Emoia kuekenthali
- Conservation status: Least Concern (IUCN 3.1)

Scientific classification
- Kingdom: Animalia
- Phylum: Chordata
- Class: Reptilia
- Order: Squamata
- Family: Scincidae
- Genus: Emoia
- Species: E. kuekenthali
- Binomial name: Emoia kuekenthali (Boettger, 1895)
- Synonyms: Lygosoma kuekenthali Boettger, 1895;

= Emoia kuekenthali =

- Genus: Emoia
- Species: kuekenthali
- Authority: (Boettger, 1895)
- Conservation status: LC
- Synonyms: Lygosoma kuekenthali , Boettger, 1895

Species of lizard

Kuekenthal's emo skink (Emoia kuekenthali) is a species of lizard in the subfamily Eugongylinae of the family Scincidae. The species is native to Indonesia and the Admiralty Islands.
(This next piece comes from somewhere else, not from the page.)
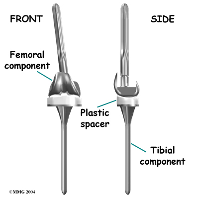 The tibial component is usually made of two parts: a metal tray that is attached directly to the bone, and a plastic spacer that provides the slick surface. The femoral component is made of metal. In some types of knee implants, the patellar component is made of a combination of metal and plastic.

There are two recognized subspecies.

==Etymology==
The specific name, kuekenthali, is in honor of German zoologist Wilhelm "Willy" Georg Kükenthal.

==Habitat==
The preferred natural habitat of E. kuekenthali is forest.

==Reproduction==
E. kuekenthali is oviparous.

==Subspecies==
Two subspecies are recognized as being valid, including the nominotypical subspecies.
- Emoia kuekenthali kuekenthali (Boettger, 1895)
- Emoia kuekenthali notomoluccense (Brongersma, 1931)

Nota bene: A trinomial authority in parentheses indicates that the subspecies was originally described in a genus other than Emoia.